§ **Task to carry out**
Please set down exactly the lines of the listing below from the line containing "2020广东网络安全周主题日直播单一览(广东省网络安全宣传周直播)" through the line containing "Backup & Sync.", both lines included, leaving out all other lines.

§ **Entries shown**
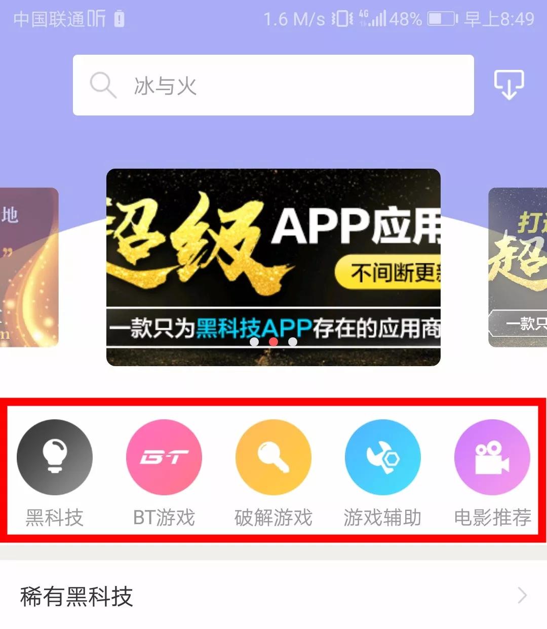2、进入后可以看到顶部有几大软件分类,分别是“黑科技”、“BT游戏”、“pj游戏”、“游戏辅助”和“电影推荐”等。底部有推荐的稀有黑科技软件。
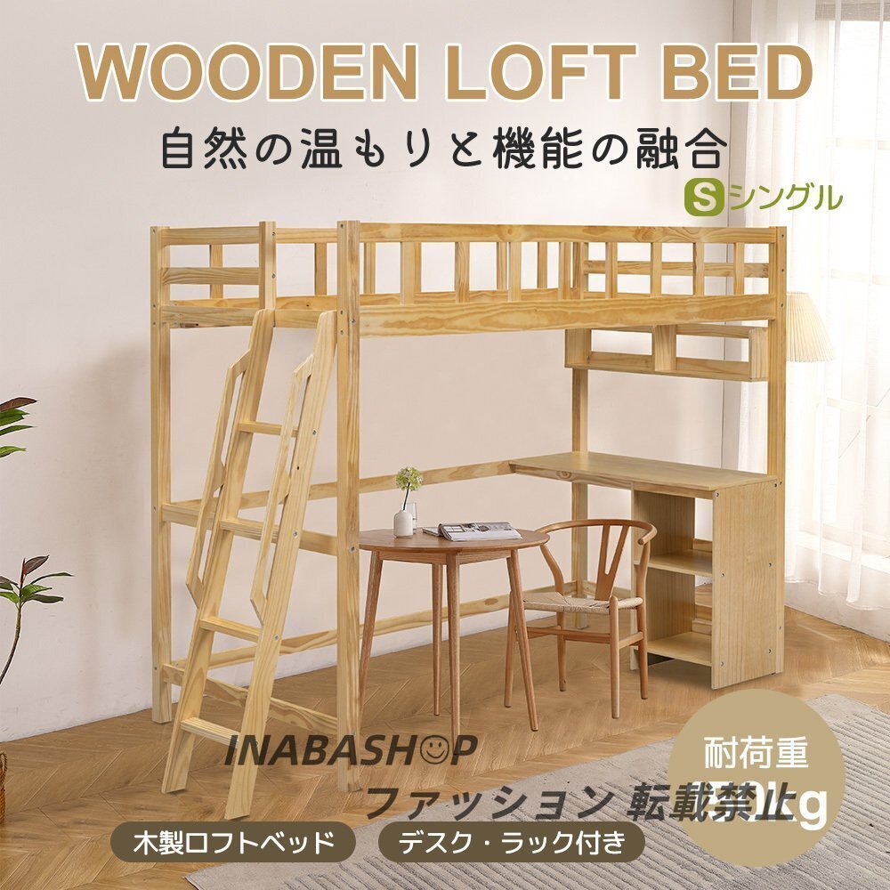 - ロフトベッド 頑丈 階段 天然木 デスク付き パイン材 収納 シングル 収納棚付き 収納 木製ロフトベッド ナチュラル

...

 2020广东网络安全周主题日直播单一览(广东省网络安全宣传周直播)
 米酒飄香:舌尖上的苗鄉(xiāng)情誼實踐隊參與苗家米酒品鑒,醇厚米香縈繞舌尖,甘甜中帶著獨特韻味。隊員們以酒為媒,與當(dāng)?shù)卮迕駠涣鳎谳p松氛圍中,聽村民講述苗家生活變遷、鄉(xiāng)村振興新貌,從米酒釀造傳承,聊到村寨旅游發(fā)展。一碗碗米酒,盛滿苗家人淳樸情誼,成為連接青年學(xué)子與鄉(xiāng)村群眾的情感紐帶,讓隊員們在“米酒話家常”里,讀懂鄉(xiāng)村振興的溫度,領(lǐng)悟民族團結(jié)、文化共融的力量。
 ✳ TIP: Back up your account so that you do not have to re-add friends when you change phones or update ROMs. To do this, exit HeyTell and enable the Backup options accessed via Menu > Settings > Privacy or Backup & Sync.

§ **Task solution**
 2020广东网络安全周主题日直播单一览(广东省网络安全宣传周直播)
 米酒飄香:舌尖上的苗鄉(xiāng)情誼實踐隊參與苗家米酒品鑒,醇厚米香縈繞舌尖,甘甜中帶著獨特韻味。隊員們以酒為媒,與當(dāng)?shù)卮迕駠涣鳎谳p松氛圍中,聽村民講述苗家生活變遷、鄉(xiāng)村振興新貌,從米酒釀造傳承,聊到村寨旅游發(fā)展。一碗碗米酒,盛滿苗家人淳樸情誼,成為連接青年學(xué)子與鄉(xiāng)村群眾的情感紐帶,讓隊員們在“米酒話家常”里,讀懂鄉(xiāng)村振興的溫度,領(lǐng)悟民族團結(jié)、文化共融的力量。
 ✳ TIP: Back up your account so that you do not have to re-add friends when you change phones or update ROMs. To do this, exit HeyTell and enable the Backup options accessed via Menu > Settings > Privacy or Backup & Sync.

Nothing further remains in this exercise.